Background
With the deployment of Page Previews, we introduce a new form of reading Wikipedia content apart from the standard pageviews. We need to measure this for the same reasons as we do for pageviews. These include providing executives with accurate numbers on the overall level of usage of our content, and the editor community with accurate numbers on the readership of the individual articles and projects they are working on. In particular, based on the previous A/B tests, we expect that the deployment of previews on a wiki will cause the total pageviews to decrease for that wiki, but that "page interactions" – any intentional interaction with a page, i.e. page previews + pageviews – will increase. We would like a way to track this metric over time.
This task captures the frontend instrumentation work needed to ensure clients send all required information to the servers. The backend work for storing this data and aggregating it in a form suitable for analysis is captured in T186728.
QA Steps
On beta cluster with page previews enabled please visit article in debug mode (add ?debug=true to the URL). When a popup is visible for more than 1 second the VirtualPageView event should be triggered. (https://meta.wikimedia.org/wiki/Schema:VirtualPageView )
Notes
- In T184793#3953351, @Ottomata asks that we follow the EventLogging schema guidelines when creating the Pageview schema (strawdog name) so that it's easier to get events into Pivot and Superset.
AC
- Page interactions are recorded by logging an EventLogging event.
- Per T184793#3952974, this instrumentation should be sampled for testing purposes. The default sampling rate should be 50%.

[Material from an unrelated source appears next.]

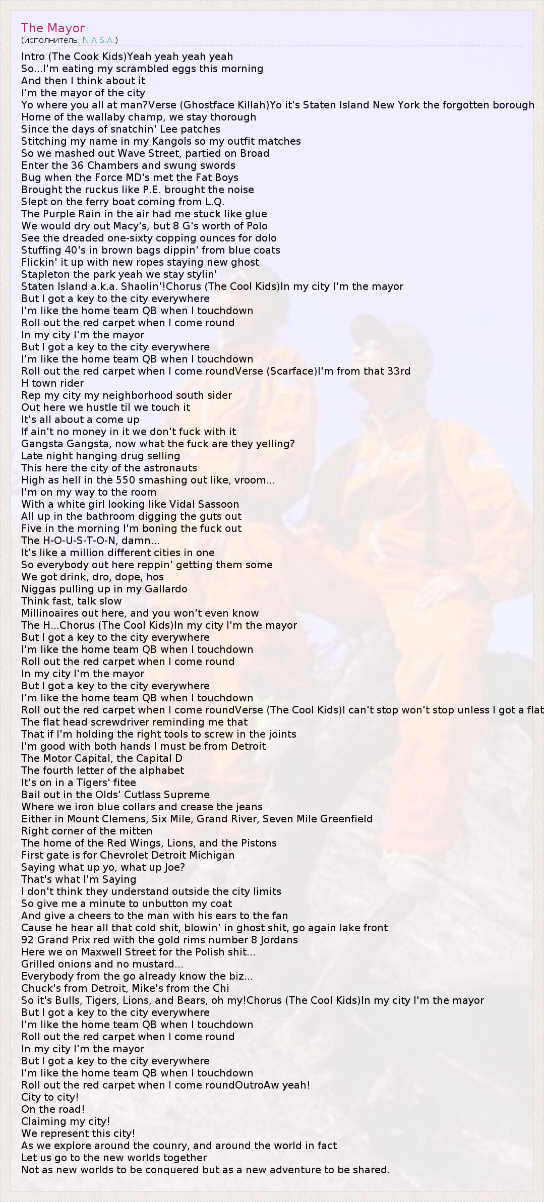 Intro (The Cook Kids)Yeah yeah yeah yeah So...I'm eating my scrambled eggs this morning And then I think about it I'm the mayor of the city Yo where you all at man?Verse (Ghostface Killah)Yo it's Staten Island New York the forgotten borough Home of the wallaby champ, we stay thorough Since the days of snatchin' Lee patches Stitching my name in my Kangols so my outfit matches So we mashed out Wave Street, partied on Broad Enter the 36 Chambers and swung swords Bug when the Force MD's met the Fat Boys Brought the ruckus like P.E. brought the noise Slept on the ferry boat coming from L.Q. The Purple Rain in the air had me stuck like glue We would dry out Macy's, but 8 G's worth of Polo See the dreaded one-sixty copping ounces for dolo Stuffing 40's in brown bags dippin' from blue coats Flickin' it up with new ropes staying new ghost Stapleton the park yeah we stay stylin' Staten Island a.k.a. Shaolin'!Chorus (The Cool Kids)In my city I'm the mayor But I got a key to the city everywhere I'm like the home team QB when I touchdown Roll out the red carpet when I come round In my city I'm the mayor But I got a key to the city everywhere I'm like the home team QB when I touchdown Roll out the red carpet when I come roundVerse (Scarface)I'm from that 33rd H town rider Rep my city my neighborhood south sider Out here we hustle til we touch it It's all about a come up If ain't no money in it we don't fuck with it Gangsta Gangsta, now what the fuck are they yelling? Late night hanging drug selling This here the city of the astronauts High as hell in the 550 smashing out like, vroom... I'm on my way to the room With a white girl looking like Vidal Sassoon All up in the bathroom digging the guts out Five in the morning I'm boning the fuck out The H-O-U-S-T-O-N, damn... It's like a million different cities in one So everybody out here reppin' getting them some We got drink, dro, dope, hos Niggas pulling up in my Gallardo Think fast, talk slow Millinoaires out here, and you won't even know The H...Chorus (The Cool Kids)In my city I'm the mayor But I got a key to the city everywhere I'm like the home team QB when I touchdown Roll out the red carpet when I come round In my city I'm the mayor But I got a key to the city everywhere I'm like the home team QB when I touchdown Roll out the red carpet when I come roundVerse (The Cool Kids)I can't stop won't stop unless I got a flat The flat head screwdriver reminding me that That if I'm holding the right tools to screw in the joints I'm good with both hands I must be from Detroit The Motor Capital, the Capital D The fourth letter of the alphabet It's on in a Tigers' fitee Bail out in the Olds' Cutlass Supreme Where we iron blue collars and crease the jeans Either in Mount Clemens, Six Mile, Grand River, Seven Mile Greenfield Right corner of the mitten The home of the Red Wings, Lions, and the Pistons First gate is for Chevrolet Detroit Michigan Saying what up yo, what up Joe? That's what I'm Saying I don't think they understand outside the city limits So give me a minute to unbutton my coat And give a cheers to the man with his ears to the fan Cause he hear all that cold shit, blowin' in ghost shit, go again lake front 92 Grand Prix red with the gold rims number 8 Jordans Here we on Maxwell Street for the Polish shit... Grilled onions and no mustard... Everybody from the go already know the biz... Chuck's from Detroit, Mike's from the Chi So it's Bulls, Tigers, Lions, and Bears, oh my!Chorus (The Cool Kids)In my city I'm the mayor But I got a key to the city everywhere I'm like the home team QB when I touchdown Roll out the red carpet when I come round In my city I'm the mayor But I got a key to the city everywhere I'm like the home team QB when I touchdown Roll out the red carpet when I come roundOutroAw yeah! City to city! On the road! Claiming my city! We represent this city! As we explore around the counry, and around the world in fact Let us go to the new worlds together Not as new worlds to be conquered but as a new adventure to be shared.

- As soon as a preview has been visible for > 1000 ms, a page interaction is recorded with the following information:
- Namespace, title and ID of the page that's being previewed
- Namespace, title and ID of the page that's currently being viewed
- If a preview can't be generated for a page, i.e. the "generic" preview is shown (defined as in the Popups schema), then no page interaction is recorded.

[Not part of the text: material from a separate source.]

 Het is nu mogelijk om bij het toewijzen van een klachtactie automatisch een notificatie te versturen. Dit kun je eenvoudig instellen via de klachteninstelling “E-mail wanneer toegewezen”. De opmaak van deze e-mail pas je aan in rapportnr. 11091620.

- The instrumentation should be feature flagged and the flag should be disabled by default.
- The standard schema documentation has been added to the schema talk page and a purging strategy has been defined (in this case, no fields need to be whitelisted, as we're fine with all events being deleted after they have been aggregated per T186728.). (see https://meta.wikimedia.org/wiki/Schema_talk:VirtualPageView)
- Events are being sent consistently regarding DNT (T190188).
Open questions
Closed Questions
When a preview has been visible for > 1000 ms
This is subtly different from $totalInteractionTime > 1000 as $totalInteractionTime includes the >= 700 ms to actually show the preview. For reference, the current median time to show a preview is ~740 ms.

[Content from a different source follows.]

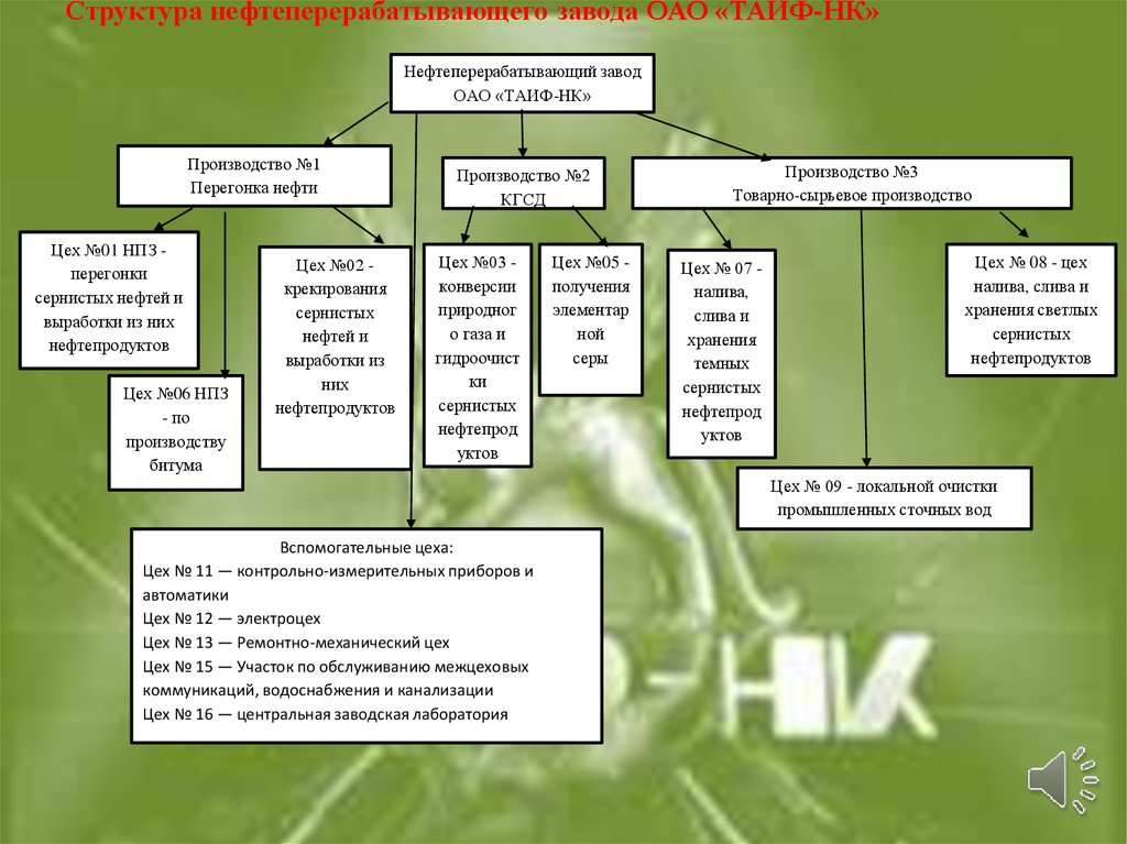Структура нефтеперерабатывающего завода ОАО «ТАИФ-НК»Нефтеперерабатывающий завод

When do we want to record the page interaction?
See T184793#3896845. When $totalInteractionTime - $perceivedWait > 1000.
- Which URL do we want to request?
We'll use the EventLogging pipeline (per https://lists.wikimedia.org/pipermail/analytics/2018-January/006136.html).
3 The instrumentation should ignore DNT. Requests with the DNT header set are included in our webrequest_raw, webrequest, and pageviews (aggregated) tables and this instrumentation is to be considered analogous. After discussion in T187277, this subtask is tracked in T190188.
Testing criteria
- Hover over any link. Ensure the hover lasts at least 1s. Check that a message was sent to EventLogging to the VirtualPageViews schema. Check the contents of the message reflect the current page (source_) and the page being hovered.
- Hover over any link. Ensure the hover lasts less than 1s. Check that a message was NOT sent to EventLogging to the VirtualPageViews schema.